The move to completely ban the controversial material comes 20 years after the UK became the first country in the EU to prohibit fur farming.
The time has finally come. Over the past few years, almost every top designer from Chanel to Prada has shed animal fur from their collections. Sugaring the pill, the state of California has outright banned it, Queen Elizabeth II has renounced it, and in February, PETA retired its decades-long campaign against the use of fur in fashion, focusing its activism elsewhere.
Now, in a move that’s sure to contribute to the material’s eagerly anticipated demise, former CEO of the British Fur Trade Association Mike Moser has declared the industry ‘anachronistic, barbaric, and unnecessary.’
Upon realising he was defending the indefensible, Moser came to understand that fur simply cannot be produced humanely – not to mention its hefty environmental price tag which, when compared to other textiles, takes a significant toll in terms of CO2 emissions – and resigned from his position to instead use his knowledge and experience to publicly support the #FurFreeBritain campaign for a UK-wide fur sales ban.
‘The Zeitgeist today is that caging and killing animals for an unnecessary fashion product, that has only vanity value, is unacceptable,’ he told Humane Society International (HSI) in an interview last month. ‘The UK banned fur farming two decades ago but for as long as we import and sell the fur from overseas, we’re still supporting fur farming and trapping by proxy which is both morally and politically ambiguous.’
What Moser refers to, is the country’s decision to ban fur farming in 2000, a positive change of course, but one that didn’t prevent the import and sale of fur from animals farmed overseas.
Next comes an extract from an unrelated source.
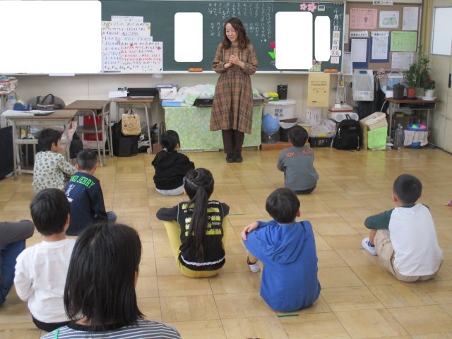 朝に、保護者ボランティアの方に読み聞かせをしてもらいました。

Unfortunately, since the law came into effect all those years ago, a whopping £800m of fur has still been imported into the UK and in 2018 alone, a quantity equivalent to some 2-3 million animals (as estimated by HSI) passed easily through the border.
It’s not all bad news, however, with 93% of the British population claiming to have never worn fur, or that they no longer wear it, and the majority (72%) are in favour of an official sales ban as revealed by a YouGov opinion poll in March.